Último día del año. Último día de un año anómalo, después de otro aún más anómalo antes, en el que vislumbramos el umbral del siguiente. Es curioso, en nuestro particular mecanismo de medición del tiempo, en nuestra psicología, sentimos que al cruzar a las doce de la noche del 31 de diciembre todo se reinicia, comienza, es posible. Es una mentira más, una de tantas, consolidadas por la costumbre, las tradiciones, los ritos, las religiones y nuestras particulares supersticiones o hábitos. En algo hay que creer; de algo hay que morir, mejor de optimismo. Es como los que, incluso detestando estas fiestas porque nos van faltando cada vez más gente insustituible, nos dejamos arrastrar, por un instante, por las frías luces de navidad, brillantes y multicolores, en competencia absurda de todas las ciudades y pueblos del país, mientras hay muchas familias que no pueden encender un calefactor para pasar el frío. Este año parece que frente a la caníbal e inhumana avaricia de las directivas de las compañías eléctricas y del gas, esa especie antropófaga que se sigue enriqueciendo ante la desgracia del resto de la especie, la naturaleza nos va a dar un respiro con temperaturas más suaves, propias más de una primavera que del invierno que ya pisamos.

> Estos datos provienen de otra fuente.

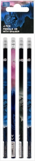 Paket sadrži 4 kom olovke duljine 19 cm, koje udobno leže u ruci i djeci i odraslima. Stilski dizajn s motivom bicikla daje priboru za pisanje originalan izgled.
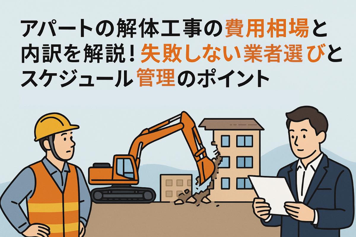「アパートの解体工事って、どれくらい費用がかかるのだろう?」と疑問に感じている方も多いのではないでしょうか。実際、アパートの解体費用は木造と鉄骨造やRC造で大きな差が出るほか、アスベストや残置物の撤去が必要となった際には追加費用が発生します。
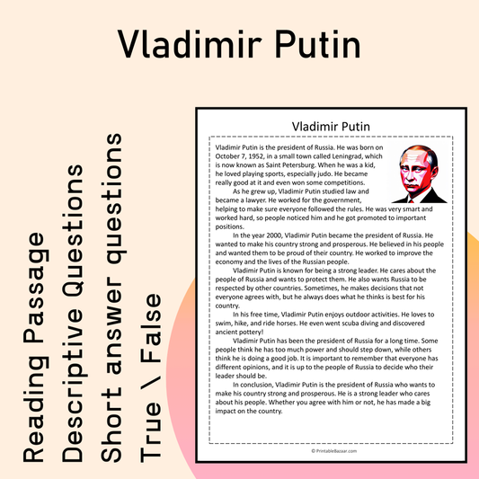 Vladimir Putin | Reading Comprehension Passage Printable Activity
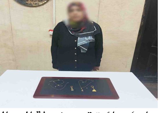 ضبط (إحدى السيدات) بدائرة قسم شرطة الجمالية لقيامها بسرقة مشغولات ذهبية من داخل مسكن "محل عملها" بأسلوب "المغافلة" ، وبحوزتها (المشغولات الذهبية المستولى عليها).

Recuerdo que, a Rosa, mi madre, además de la copla y el flamenco, le gustaba Elvis Presley. Aunque en la España que le tocó vivir no se veía muy bien la música en otro idioma, ya había pasado por la España del dictador el presidente estadounidense Eisenhower, y el amigo americano era bien venido. El país iniciaba su tímida apertura, el desarrollismo de los 50, 60 y 70, y mi madre fue testigo de ese tiempo.  Alguno de sus discos de vinilo aún está por la casa, sin ella, que no sabía inglés, pero entendía de emoción y de belleza. Una de las canciones de más éxito de Elvis, antes de la llegada de Mariah Carey y su “all I wanti for christmas is you”, fue un villancico muy atípico de amor, o más bien de desamor “Blue Christmas”, “Navidades Tristes”, en las que dice, entre otras cosas “I´ll have a blue Christmas without you” que viene a significar para los usuarios medios de inglés de los curricula “Tendré unas navidades tristes sin ti”. Ya han pasado las navidades, la mitad al menos de sus celebraciones, para los que, como Elvis entonces, estamos condenados a pasarlas en la ausencia definitiva de seres muy queridos, de amores que pudieron ser y no fueron, de amigos y familiares a los que las medidas de esta sindemia nos obligan a no poder abrazar. Se llenan nuestros teléfonos de mensajes y buenos deseos, el mío incluido, y hacemos nuevos propósitos de Año Nuevo, que son los mismos o casi, que en los años anteriores. Dice uno de los más puñeteros refranes españoles que yo conozco que “el infierno está empedrado de buenas intenciones” y yo, que soy un agnóstico metódico, quisiera que existiera el infierno para algunos, como para los que abusan de niños, los que maltratan o violan mujeres, los que niegan esta violencia, los que la fomentan, los que disfrutan haciendo sufrir a sus seres más próximos y familia, a los asesinos, a los que deciden dejar pudrirse la esperanza de seres humanos en campos de refugiados, o en el mar mediterráneo, o en el océano…la lista es tan larga pero, por supuesto, para los directivos de las compañías eléctricas y energéticas, para esos también deseo que exista el infierno.

Mis nuevos propósitos de año nuevo, los verdaderamente nuevos, son no perder del todo la esperanza en el género humano. Seguir comprometido con mi tiempo y los que necesitan que alguien diga la verdad, por incomoda que sea. Aferrarme a todo lo bueno, a la capacidad como especie de sobreponerse a la muerte y la vicisitud, y de elevarnos por encima de las miserias de algunos en lo meramente material. Sobreponernos al hartazgo, a la estupidez inoculada desde las redes sociales y corrientes cada vez más organizadas. La solidaridad en la palabra y en lo correcto, esa forma de m ética cívica tan poco de moda. Con este agridulce sentimiento despido el año que muere y saludo al que nace, con la sorna marinera del gran poeta de la bahía, mi maestro no sólo de versos, Rafael Alberti: “Y no es que no quiera ir,/es el no saber si el irme/ es un volver sin partir”.